己を特別な存在とは思っておらず、自分の行為は人間が隠している本性にしかすぎないと確信している。
【聖杯にかける願い】
特にない。最後まで"人間らしく"好きにやる。
【マスター名】葛西善二郎
【出典作品】魔人探偵脳噛ネウロ
【性別】男
【weapon】
袖に仕込んだ火炎放射器。これを使えば傍からみれば手から炎を出しているように見える。
【人物背景】
シックス率いる「新しい血族」の中でも選りすぐられた五人の腹心、「五本指」の一人。
全国的な指名手配犯であり、放火を主に脱獄も含めて前科1342犯のギネス級の犯罪者。
先祖代々、火を扱う者としての「定向進化」を受け継ぎ、その恩恵により火の全てを司ることができる...が、彼の美学は人間を越えないこと。
彼の手品のような炎の扱い方は、全て小細工と知恵、計算によるものであり、全ての「新しい血族」の中で、唯一「定向進化」に頼らず人間の犯罪者として在りつづけた。

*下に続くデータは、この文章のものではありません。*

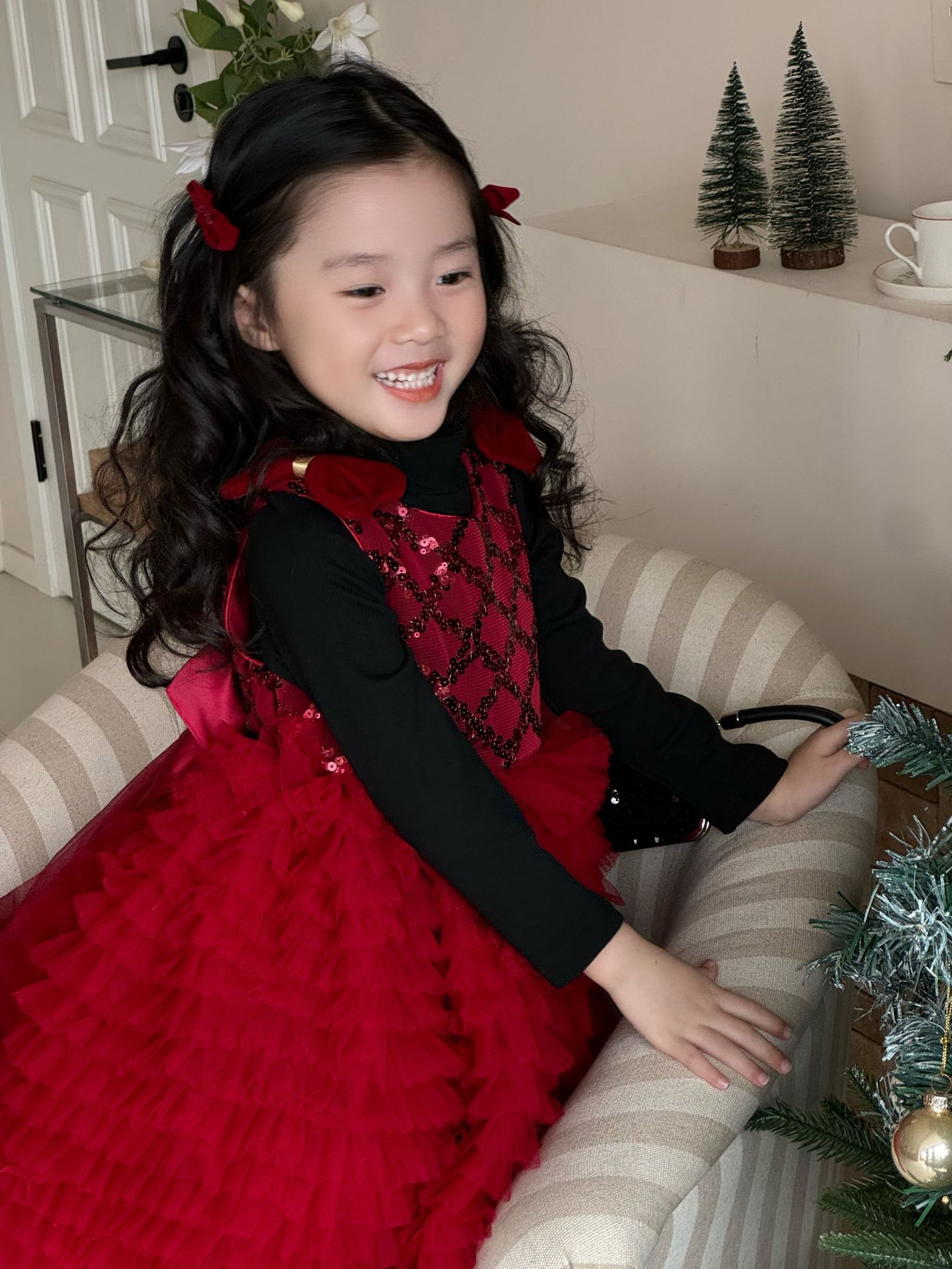 • 빨간색 스커트와 검은색 스웨터

また、葛西の目標は「人間としての知恵と工夫で、人間を超越したシックスよりも長生きすること」であり、「新しい血族」の中でも、唯一シックスに対する絶対な忠誠心を抱いていない。
そのため、自己中極まりないシックスに対して唯一意見ができ、且つシックス自身もそれを不快にも思わない、云わば友人(対等ではないにせよ)とも言える数少ない存在である。

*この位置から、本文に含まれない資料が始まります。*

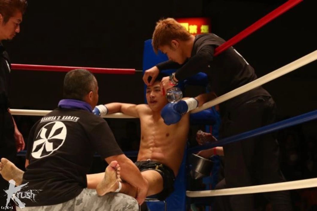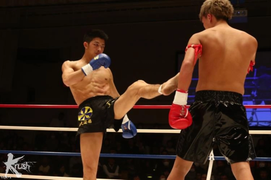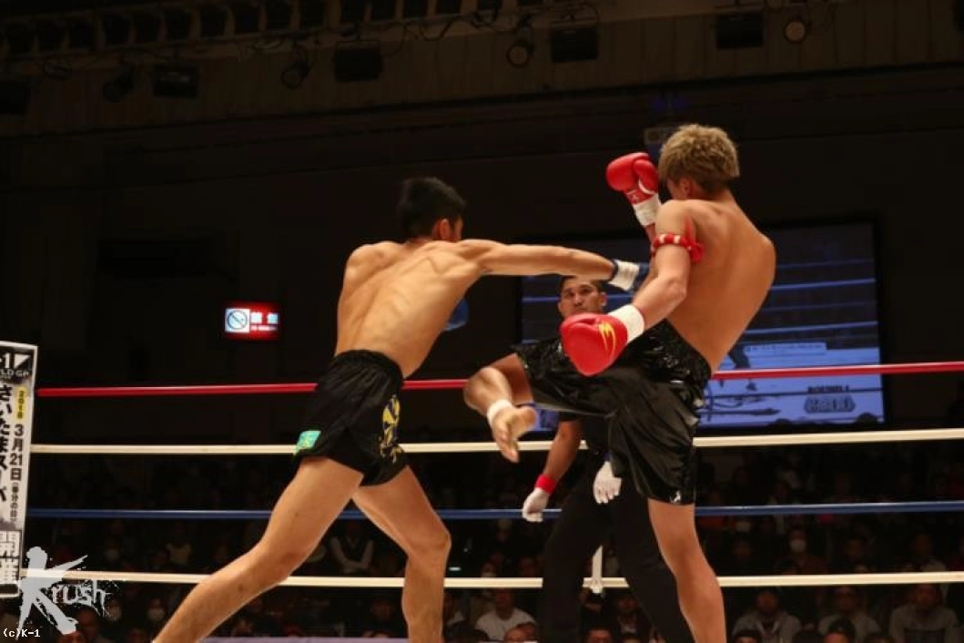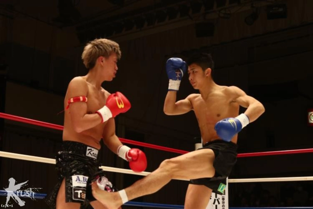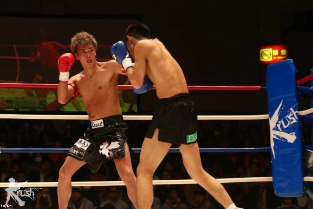 2R、接近して右ローを打ち込む佐野に対し、朝久は腕を真っすぐに伸ばして佐野から距離を作って左ストレート、右フックとパンチを打ち込む。佐野は被弾があっても圧力を発していき、右ローを打ち込む。朝久は右回りしてこのローに対処しながら左ストレート、右フック。佐野はタフさと圧力を見せ、打たれても前に出る。だが、朝久はこの前進を横にかわし、右フック・左フックと当てる。だが佐野もガードを交えて直撃では貰わない。

重度のヘビースモーカーであり、一日に8箱ものタバコを消費する。
【ロール】
野生の犯罪者
【能力・技能】
前述した通り、全ては知恵と工夫の結晶であり、何も無いところから火を放つことなどはできない。
そのため、火を起こす時にはマッチや火炎放射器を使用している。
他の「五本指」と違い、身体能力を飛躍的に上昇させる強化細胞を身体に埋め込んでいないため、純粋に生身の人間である。
しかし、高層ビルの壁をすいすいとよじ登る、強酸を仕込んだ銃弾を何発も受けても割りと余裕ある動きができるなど、かなり高い身体能力を有している。
- 火にかけた親父ギャグのレパートリー:1000以上。
例
「ヒヒヒッ」→「火火火ッ」
【聖杯にかける願い】
己の美学である"人間を越えないこと"は決して曲げずに長生きする。そのため、聖杯そのものには大した興味は無い。